Assigned task: Below are the entries. Print only the lines starting at the one with "El Alcalde nos" and ending at the one with "Salão Paroquial. Tabuleiro", exactly, with no pictures.

Input data:
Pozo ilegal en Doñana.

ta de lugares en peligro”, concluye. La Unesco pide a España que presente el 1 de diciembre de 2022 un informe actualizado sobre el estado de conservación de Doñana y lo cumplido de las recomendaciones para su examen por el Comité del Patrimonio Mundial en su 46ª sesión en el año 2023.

---

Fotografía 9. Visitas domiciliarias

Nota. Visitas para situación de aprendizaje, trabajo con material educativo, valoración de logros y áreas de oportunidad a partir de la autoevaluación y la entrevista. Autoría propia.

...

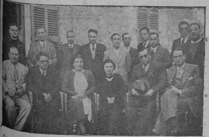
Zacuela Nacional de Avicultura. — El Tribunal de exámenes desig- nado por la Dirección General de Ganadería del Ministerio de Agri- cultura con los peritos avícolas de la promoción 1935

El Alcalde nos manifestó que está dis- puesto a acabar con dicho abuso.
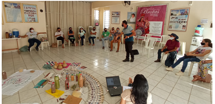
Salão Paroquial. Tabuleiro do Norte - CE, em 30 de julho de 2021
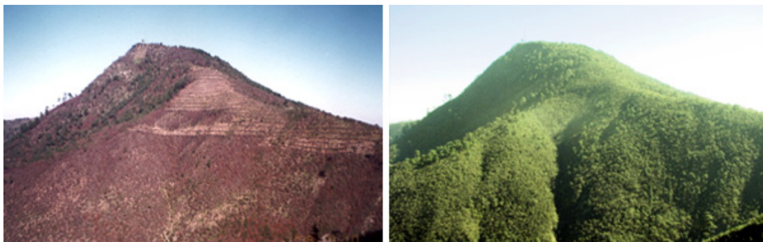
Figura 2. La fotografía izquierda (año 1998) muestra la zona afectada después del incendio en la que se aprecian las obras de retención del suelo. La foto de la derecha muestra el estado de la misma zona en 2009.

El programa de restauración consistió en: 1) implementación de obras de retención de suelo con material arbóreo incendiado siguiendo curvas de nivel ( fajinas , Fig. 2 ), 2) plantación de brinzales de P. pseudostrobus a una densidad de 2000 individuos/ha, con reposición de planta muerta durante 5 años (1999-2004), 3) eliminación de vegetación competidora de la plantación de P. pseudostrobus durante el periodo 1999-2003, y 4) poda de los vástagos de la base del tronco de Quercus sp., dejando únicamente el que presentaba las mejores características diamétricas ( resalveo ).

Exercise solution:
El Alcalde nos manifestó que está dis- puesto a acabar con dicho abuso.
Salão Paroquial. Tabuleiro do Norte - CE, em 30 de julho de 2021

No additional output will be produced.